Учитывая трудности, с которыми мы встречаемся в клинической работе, в постановке вопросов, в изучении больного и в терапевтическом маневрировании, оправданы эти усилия непременно будут.

Давайте теперь присмотримся к этому желанию Другого - желанию, представляющему собой желание матери и предполагающему за собой нечто себе потустороннее. Уже для того, чтобы это потустороннее оказалось достигнуто, необходимо опосредование. Оно-то и задано той позицией, которую занимает в символическом порядке отец.

Чтобы не делать безапелляционных заявлений, давайте взглянем, как стоит вопрос в плане конкретном. Мы обнаружим, что имеется множество различных состояний, случаев, этапов, когда ребенок отождествляет себя с фаллосом. Это и было предметом нашего исследования на том пути, который мы вместе проделали в прошлом году. Мы обнаружили тогда, что наиболее показательным извращением является фетишизм. Именно в случае фетишизма вступает ребенок в определенные отношения с предметом по ту сторону желания матери - предметом, в чьем, так сказать, преимуществе и высшем достоинстве он убедился и с которым путем воображаемого отождествления с матерью себя связывает. Мы отметили также, что в других формах извращения, а именно в трансвестизме, ребенок решает трудности воображаемых отношений с матерью путем занятия противоположной позиции. Считается, что он отождествляет себя с фаллической матерью. Я думаю, правильнее будет сказать, что он отождествляет себя с самим фаллосом как таковым - с фаллосом, спрятанным под одеждой у матери.
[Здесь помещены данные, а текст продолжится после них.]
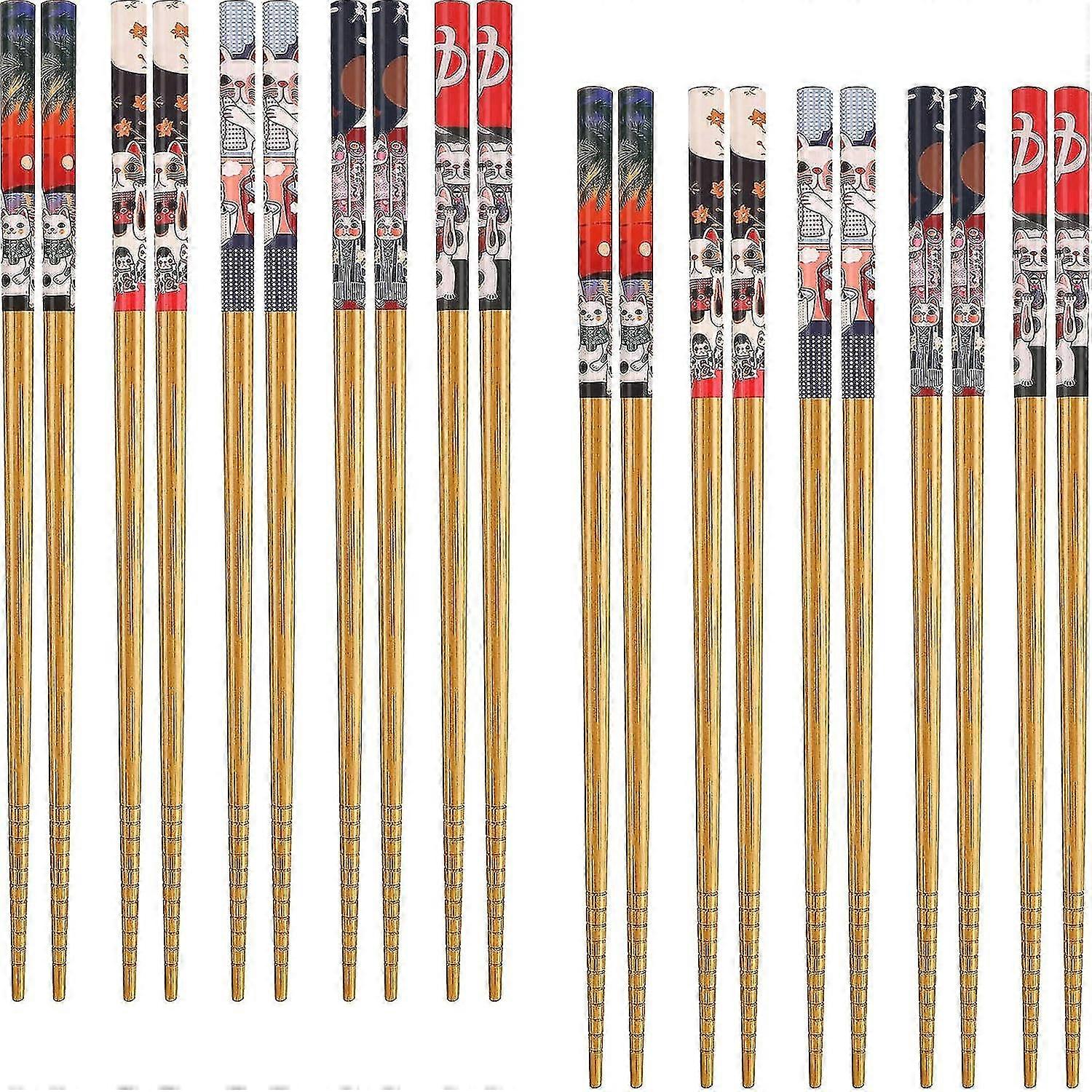 10 Pairs of Bamboo Chopsticks Classic Chopsticks Lucky Cat Chopsticks Reusable Japanese Bamboo Chopsticks
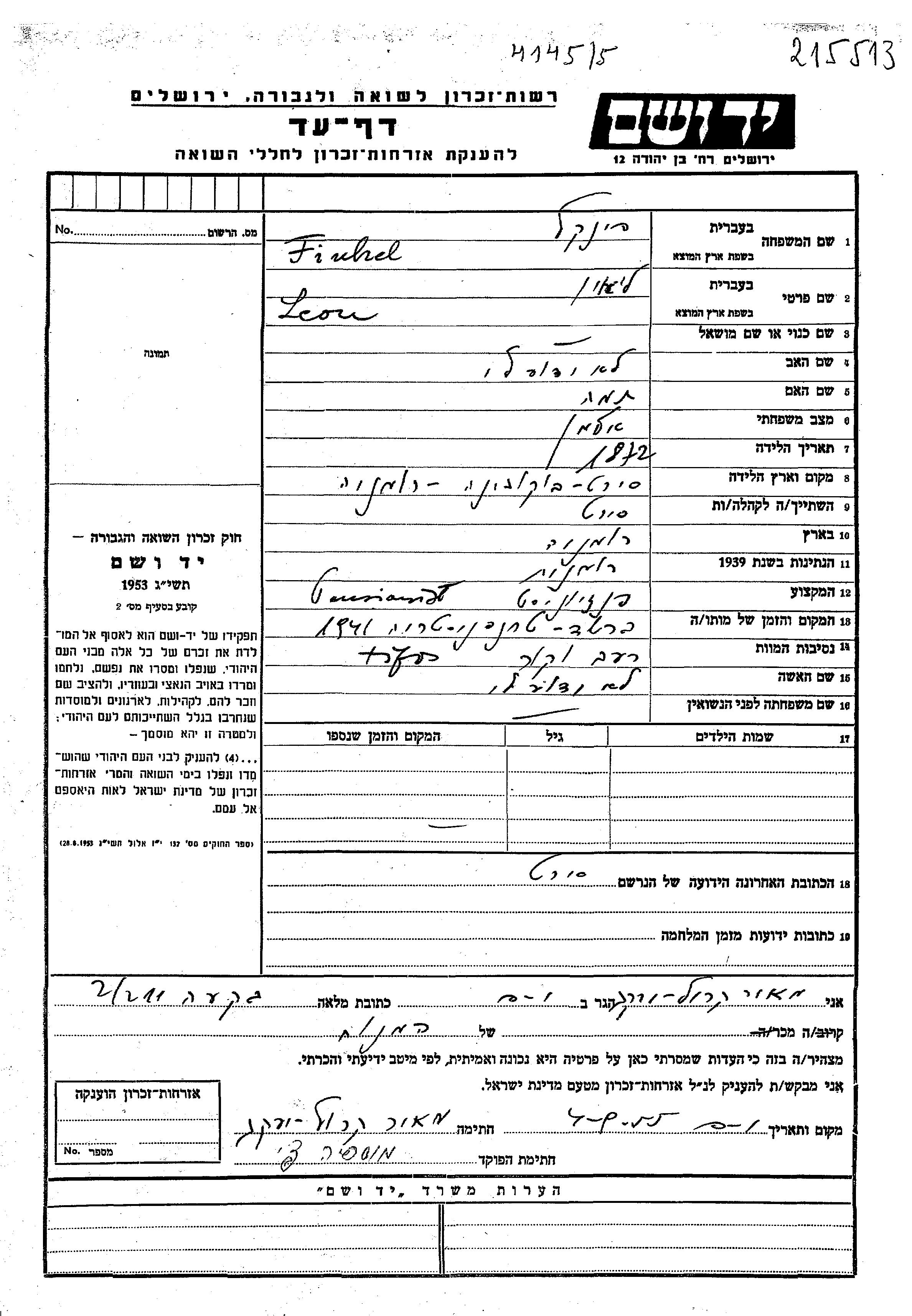 Lion Finkel wurde im Jahr 1872 in Siret, Rumänien geboren. Er war der Sohn von Tama. Er war Rentner/-in und Witwer. Vor dem Zweiten Weltkrieg lebte er in Siret, Rumänien. Während des Krieges war er in Rumänien.
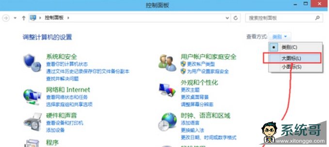 1、点击“开始“菜单,点击”控制面板”选项,然后右上角点击切换到大图标模式。
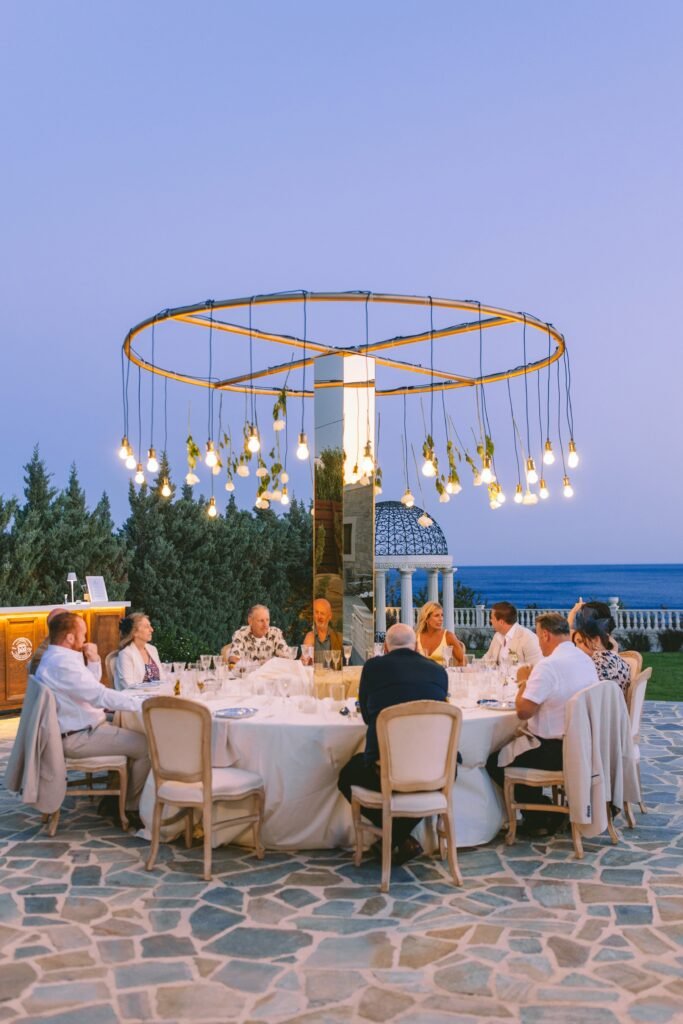 The dinner that followed was set around a single table, bringing everyone together in a relaxed, family-style setting. The decoration was intentionally minimal: natural fabrics, neutral tones, and candlelight to complement the environment rather than compete with it.
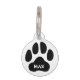 Eenvoudig zwart-wit gepersonaliseerd huisdier ID-label. De minimalistische ontwerpstijl omvat een grote illustratie met zwarte pootafdruk met een aangepaste huisdiernaam die in het wit over de poot is gedrukt. De achterkant heeft nog een aangepaste tekstsectie die u kunt gebruiken om uw telefoonnummer of andere contactgegevens toe te voegen.
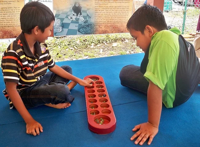 Доска для игры в традиционную малайскую игру чонгкак. Аналоги игры под другими названиями есть и у многих других народов.
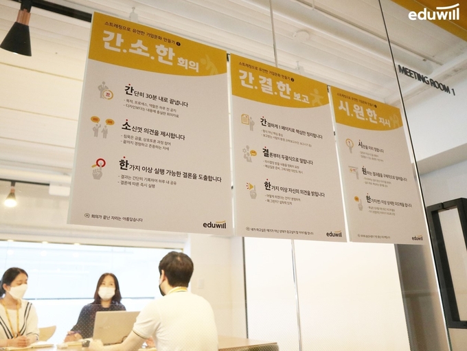 에듀윌 관계자는 “임직원들이 집중해 일하고, 집중해 휴식을 취할 수 있도록 다양한 캠페인을 진행하고 있다”고 말하며 “기업문화와 조직 규범 등에 대한 가이드 라인도 함께 제시하고 있다”고 말했다.
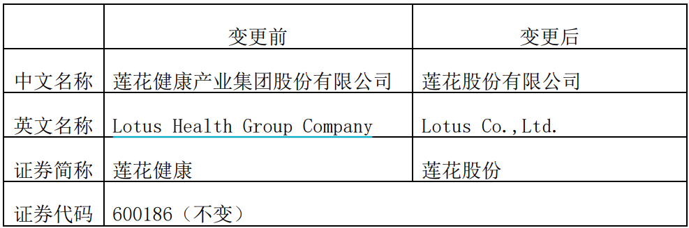 公告显示,莲花健康拟将中文名称变更为:莲花股份有限公司,英文名称变更为Lotus Co.,Ltd.;证券简称变更为莲花股份;证券代码则保持不变。
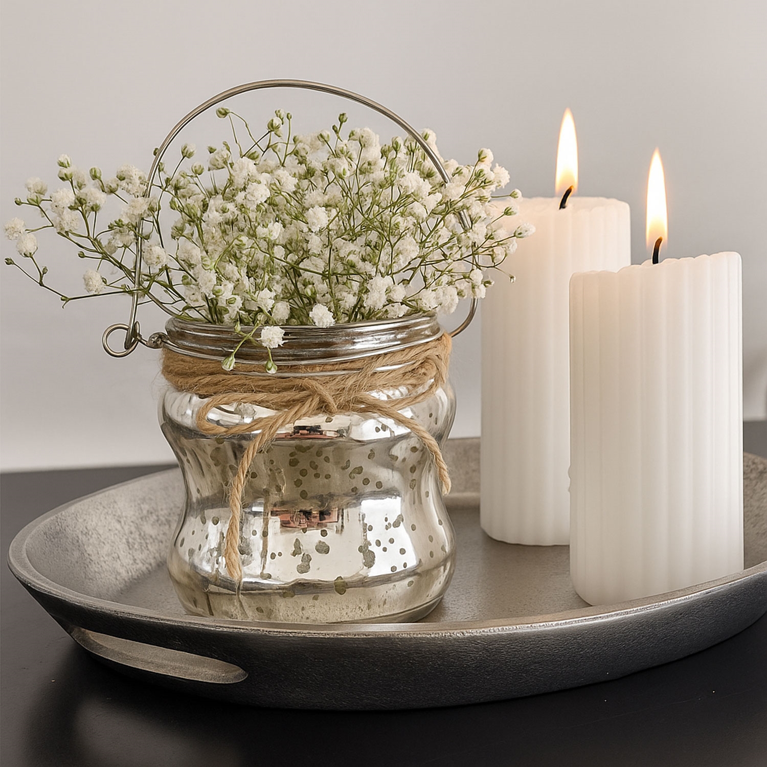 Denne rustik fyrfadsstage med hank i antikt sølv fra Kija‑Design.dk bringer liv og varme til borddækningen ved enhver festlig lejlighed. Fremstillet i glas med et fattigmandssølv‑finish og med praktisk hank, så den både kan stå på bordet eller hænges op. Den perfekte kombination af dekorativ bordpynt og funktionelt lys, ideel til bryllup, sølvbryllup, konfirmation, barnedåb, fødselsdag og jul.
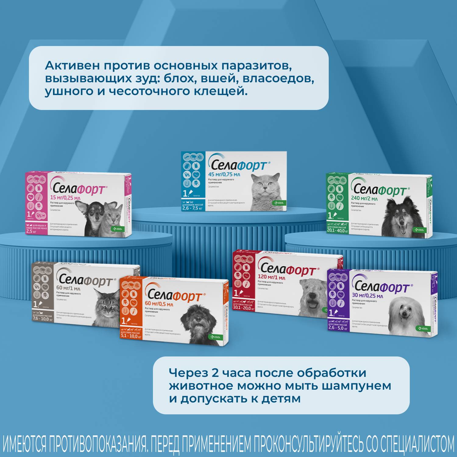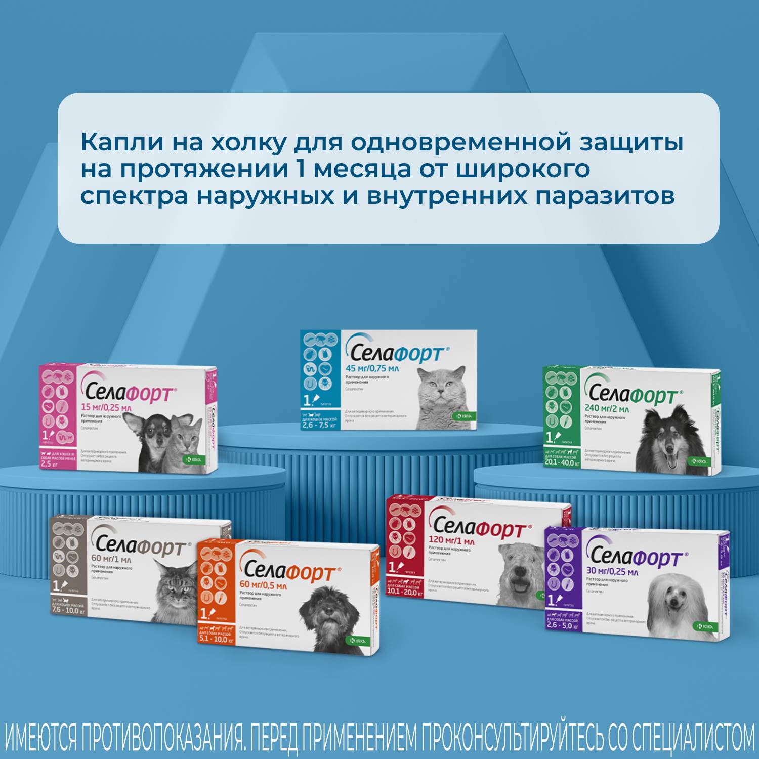 Противопоказанием к применению является повышенная индивидуальная чувствительность животного к компонентам препарата (в том числе и в анамнезе). Селафорт не следует наносить на влажную и/или поврежденную кожу.
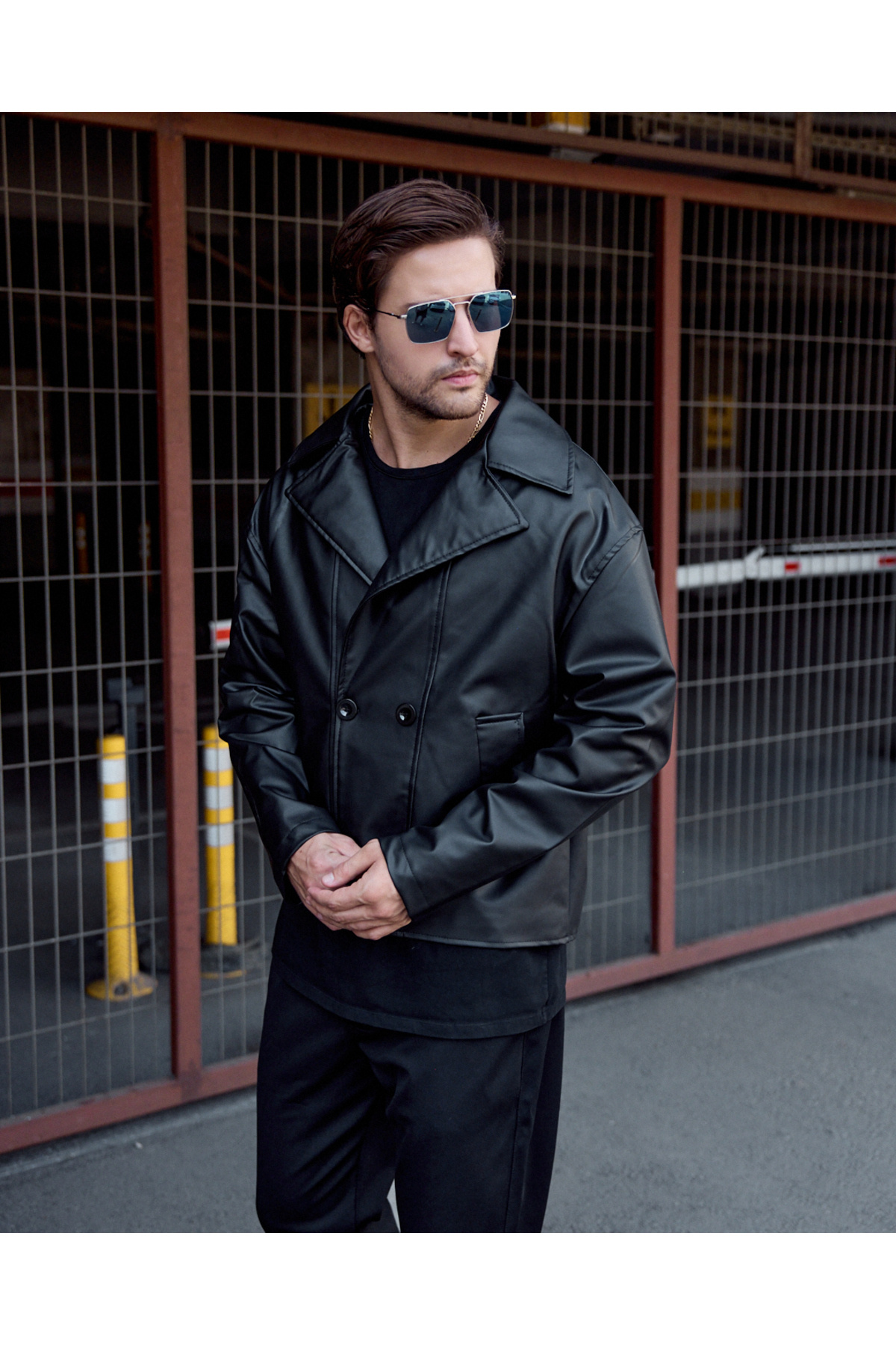 Günlük ve Özel Kombinlere Uygun Siyah Deri Erkek Ceket Günlük ve Özel Kombinlere Uygun Siyah Deri Erkek Ceket düğmelidericeket 2XL
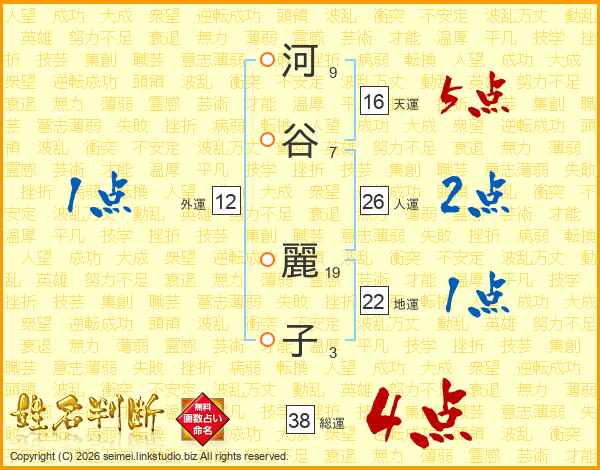 生活面を象徴する運勢です。外部から受ける影響力を表し、結婚運、家庭運や職場、環境への順応性を表します。総運から人運を引いた画数。姓や名が1文字の場合を除く。
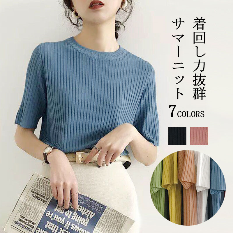 着回し力抜群サマーニット 五分袖 リブ カラバリー 重ね着 着心地がいい ひんやり 涼しい 可愛い 着痩せ 20代 30代 40代 ルームウェア
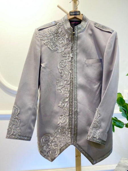 This Grey Prince Suit with Silver Embroidery is the perfect choice for your wedding reception. The elegant grey fabric, enhanced with intricate silver embroidery, creates a timeless, refined look. It’s designed for grooms who want to combine tradition with modern style. Available for rental, this suit ensures comfort and sophistication.
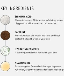 1. Limpia, Ilumina y Exfolia: Este gel de baño que induce luminosidad utiliza el poder revitalizante de la cafeína junto con ácido shikímico, un exfoliante químico suave altamente efectivo con 10 veces la actividad biológica del ácido glicólico, para nutrir profundamente y rejuvenecer visiblemente la piel.
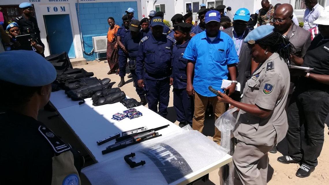 L’officier de police des Nations Unies et cheffe intérim du sous-secteur d’Uvira, Noélie Kere Compaore, fait découvrir aux invités un échantillon des différents équipements objet du don de la police des Nations Unies (UNPOL)…
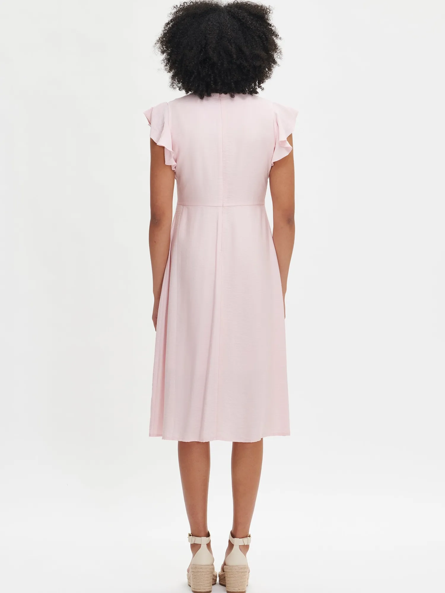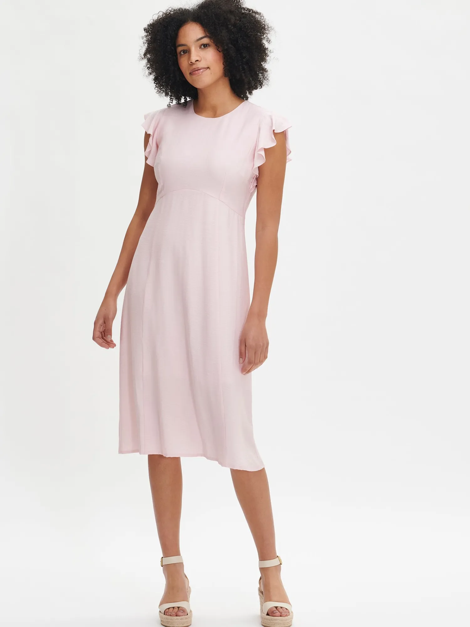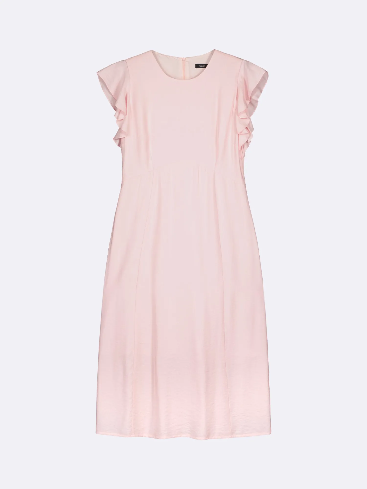 Naisten yksivärinen vaaleanpunainen Antonia-mekko. Mekossa on pyöreä pääntie, takana piilovetoketju, vuori ja kauniit frillat kädenteillä. Mekko on yläosasta istuva ja helma kauniisti kellottuva. Mekon pituus koossa 38 on noin 115 cm. Materiaali on kauniisti laskeutuvaa ja kevyttä viskoosi-polyamidi sekoitekangasta. Materiaalin viskoosi LENZING™ ECOVERO™ -viskoosia. Materiaalille on ominaista 3-5% kutistuminen ensimmäisessä pesussa.
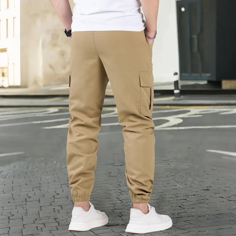 กางเกงคาร์โก้ผู้ชายทรงสลิมฟิตสีดำดีไซน์คล่องตัวเอวยางยืดและผ้ายืดน้ำหนักเบา
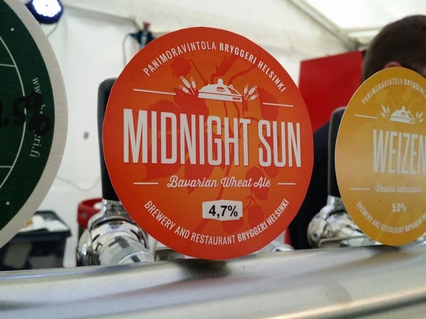Juomanpesupisteellä oli lähes koko ajan pitkä jono, joten sen perusteella näytti, että ihmisellä juomatkin upposivat. Kun selviydyin jonosta puhtaan lasin kanssa pois, niin kävelin maistamaan Bryggeri Helsingin uutuuden Midnight Sun Bavarian Wheat Alen. Saksalainen humala Mandarina Bavaria on hyvin erotettavissa ja tämä oli juuri sellainen kesäinen juoma. Ei mikään erityinen, mutta juotava.
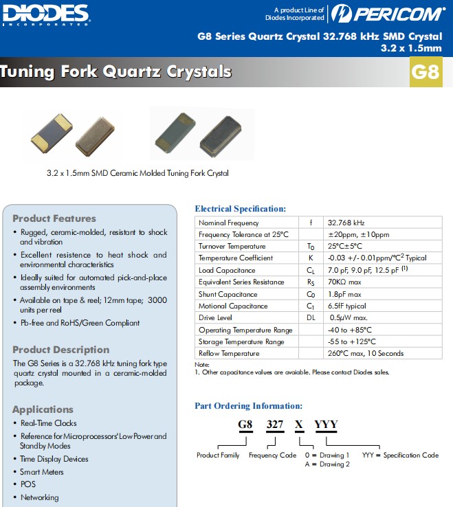 臺灣Diodes晶振,G8系列32.768K晶振,G83270021時鐘晶振,G83270023手表晶振,石英晶體諧振器

Говоря обо всем этом, я напоминаю вам, что отношение ребенка к фаллосу определяется тем обстоятельством, что фаллос является объектом желания матери. О том, что элемент этот играет в отношениях между ребенком и родителями роль активную и существенную, свидетельствует, в свою очередь, и аналитический опыт. В теоретическом плане мы напомнили об этом на прошлой лекции, говоря о том, как происходит угасание эдипова комплекса в ситуации, когда комплекс этот приобретает так называемую обращенную форму. Уже Фрейд обращает наше внимание на случаи, когда ребенок, в какой-то мере отождествив себя с матерью и заняв тем самым позицию одновременно многозначительную и многообещающую, страшится в то же время последствий этой позиции, опасаясь, если он мальчик, лишиться в итоге признака своего мужества.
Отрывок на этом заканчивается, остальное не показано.